> [Brief]
Although the records contain pictures, none belong in the copy: restate word for word only the lines from the one with "El estand también" through the one with "ইনকিলাব মঞ্চের মুখপাত্র", both included.

> [Extracted information]

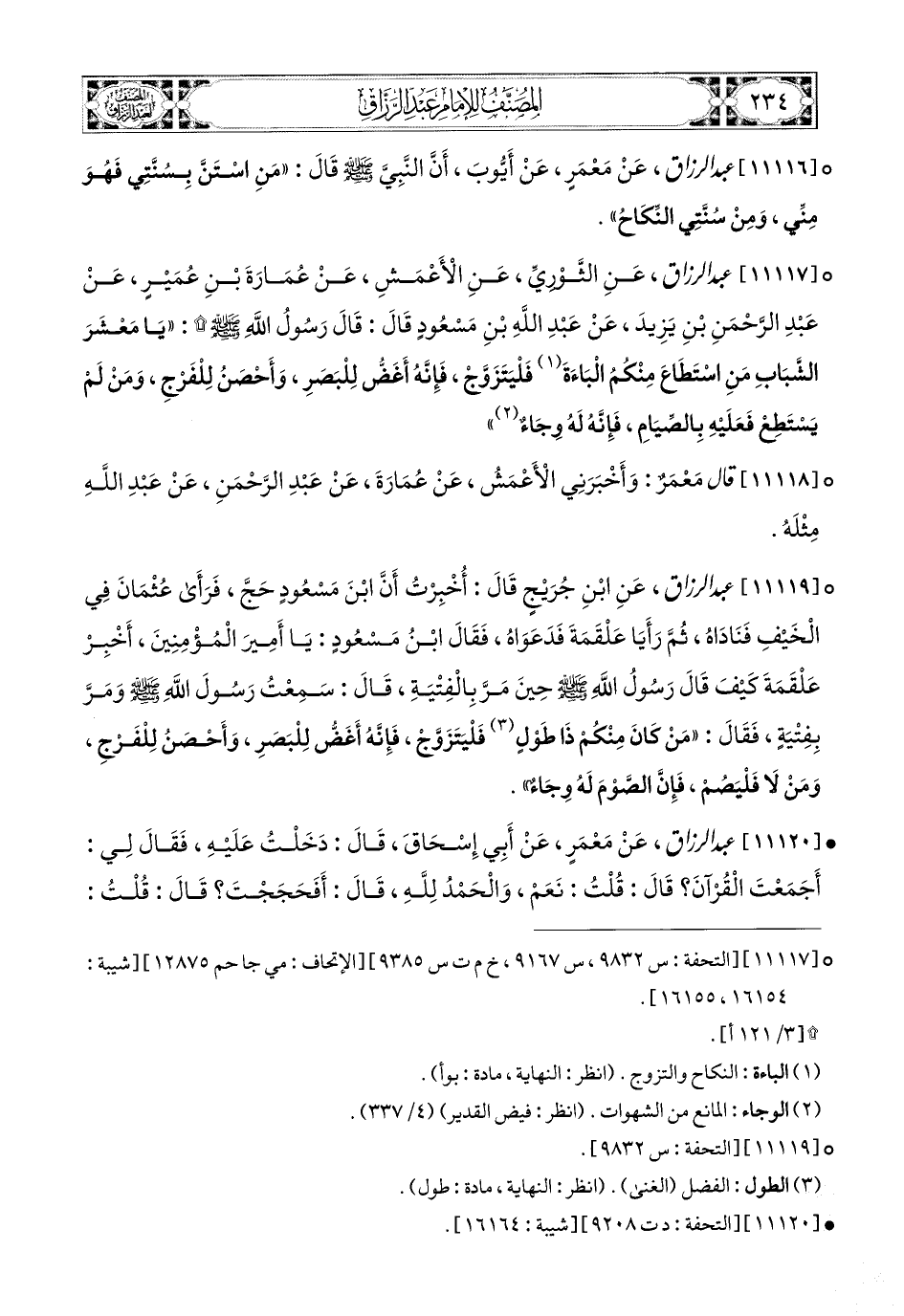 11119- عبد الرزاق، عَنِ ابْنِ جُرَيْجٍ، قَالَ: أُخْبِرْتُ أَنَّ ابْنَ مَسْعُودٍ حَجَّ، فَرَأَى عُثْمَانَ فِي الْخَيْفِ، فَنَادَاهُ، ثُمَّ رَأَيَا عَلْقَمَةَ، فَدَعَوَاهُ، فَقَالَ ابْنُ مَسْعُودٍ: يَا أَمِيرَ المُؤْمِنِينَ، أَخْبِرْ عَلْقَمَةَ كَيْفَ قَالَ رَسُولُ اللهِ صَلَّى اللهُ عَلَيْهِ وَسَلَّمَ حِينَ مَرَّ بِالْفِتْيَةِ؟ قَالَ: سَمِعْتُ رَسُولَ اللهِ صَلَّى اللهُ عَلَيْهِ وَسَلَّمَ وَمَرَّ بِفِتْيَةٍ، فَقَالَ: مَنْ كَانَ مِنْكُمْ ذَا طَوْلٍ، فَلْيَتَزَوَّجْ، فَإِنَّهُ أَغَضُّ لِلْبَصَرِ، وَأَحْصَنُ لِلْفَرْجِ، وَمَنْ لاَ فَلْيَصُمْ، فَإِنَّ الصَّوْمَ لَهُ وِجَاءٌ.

* * *

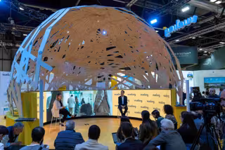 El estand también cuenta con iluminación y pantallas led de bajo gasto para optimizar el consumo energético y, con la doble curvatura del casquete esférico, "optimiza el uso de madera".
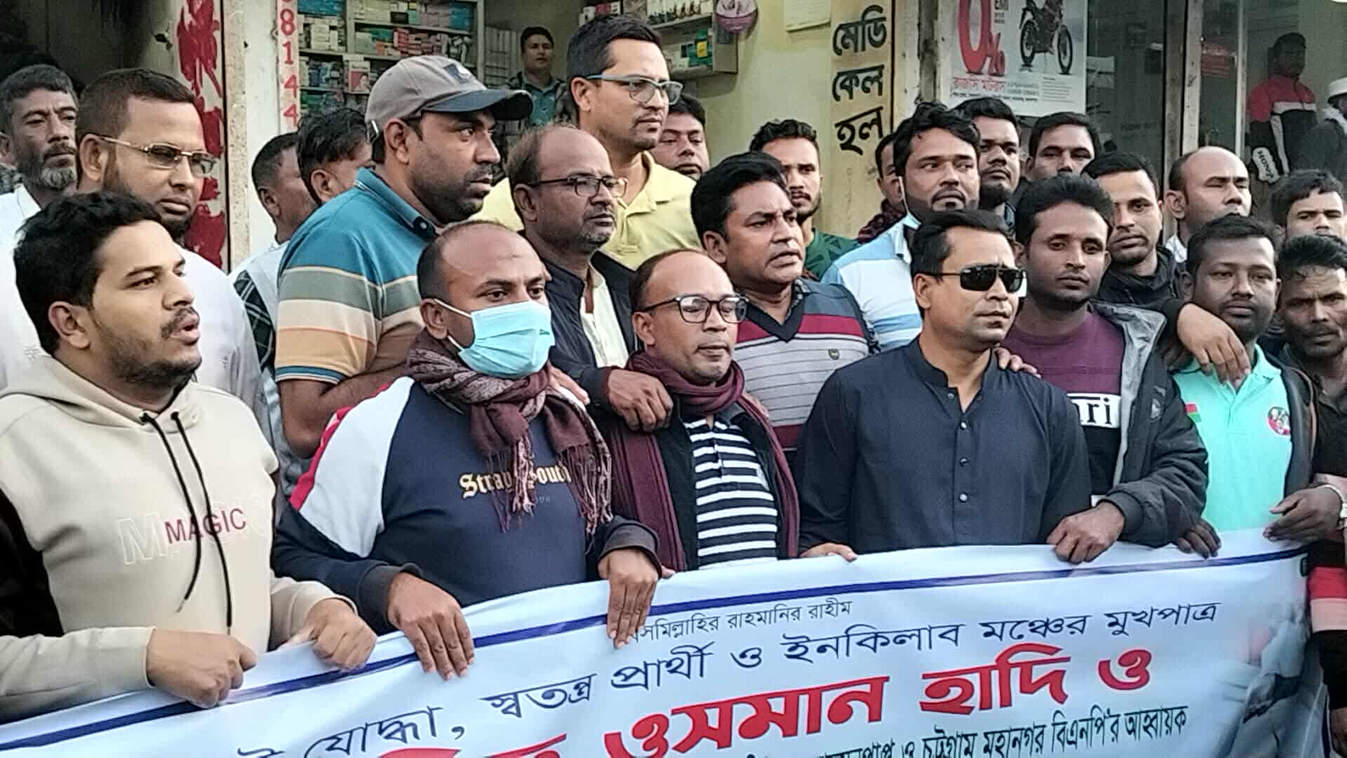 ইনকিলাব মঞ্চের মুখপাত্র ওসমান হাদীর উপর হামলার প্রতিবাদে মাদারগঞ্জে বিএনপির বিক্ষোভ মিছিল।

> [Problem solution]
 El estand también cuenta con iluminación y pantallas led de bajo gasto para optimizar el consumo energético y, con la doble curvatura del casquete esférico, "optimiza el uso de madera".
 ইনকিলাব মঞ্চের মুখপাত্র ওসমান হাদীর উপর হামলার প্রতিবাদে মাদারগঞ্জে বিএনপির বিক্ষোভ মিছিল।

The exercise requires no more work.